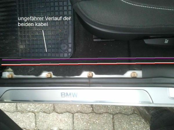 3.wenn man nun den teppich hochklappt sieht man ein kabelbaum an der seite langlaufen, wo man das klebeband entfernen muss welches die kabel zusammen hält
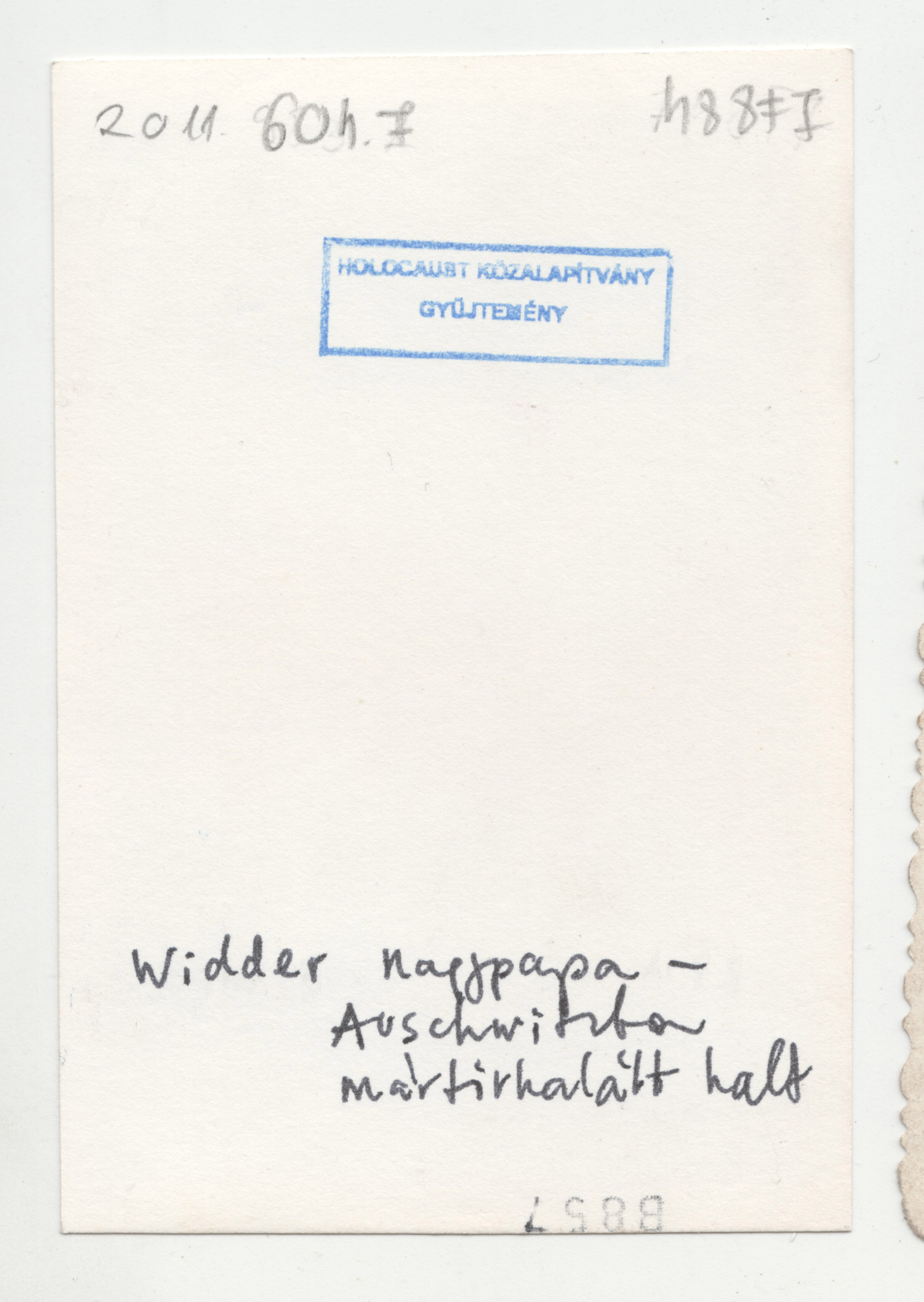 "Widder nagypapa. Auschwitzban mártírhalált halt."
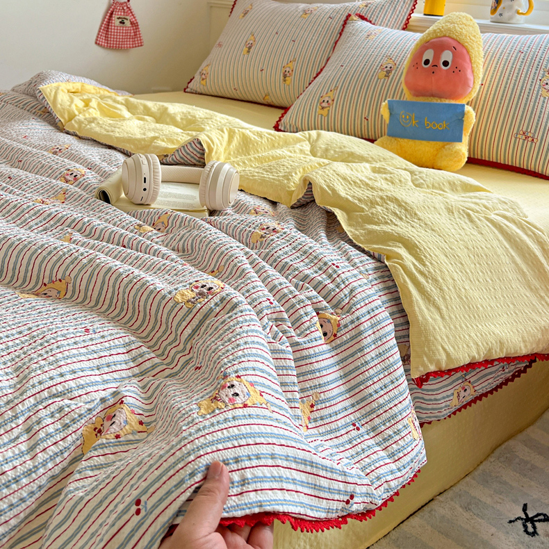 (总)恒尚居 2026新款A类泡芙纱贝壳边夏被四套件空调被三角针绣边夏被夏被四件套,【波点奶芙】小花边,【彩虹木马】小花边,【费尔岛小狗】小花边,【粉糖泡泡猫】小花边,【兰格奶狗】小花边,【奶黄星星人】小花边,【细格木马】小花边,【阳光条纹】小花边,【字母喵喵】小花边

REQUIRED ACTION: Would it be possible to give the material above again exactly, with the pictures left out?

REPLY:
 3.wenn man nun den teppich hochklappt sieht man ein kabelbaum an der seite langlaufen, wo man das klebeband entfernen muss welches die kabel zusammen hält
 "Widder nagypapa. Auschwitzban mártírhalált halt."
 (总)恒尚居 2026新款A类泡芙纱贝壳边夏被四套件空调被三角针绣边夏被夏被四件套,【波点奶芙】小花边,【彩虹木马】小花边,【费尔岛小狗】小花边,【粉糖泡泡猫】小花边,【兰格奶狗】小花边,【奶黄星星人】小花边,【细格木马】小花边,【阳光条纹】小花边,【字母喵喵】小花边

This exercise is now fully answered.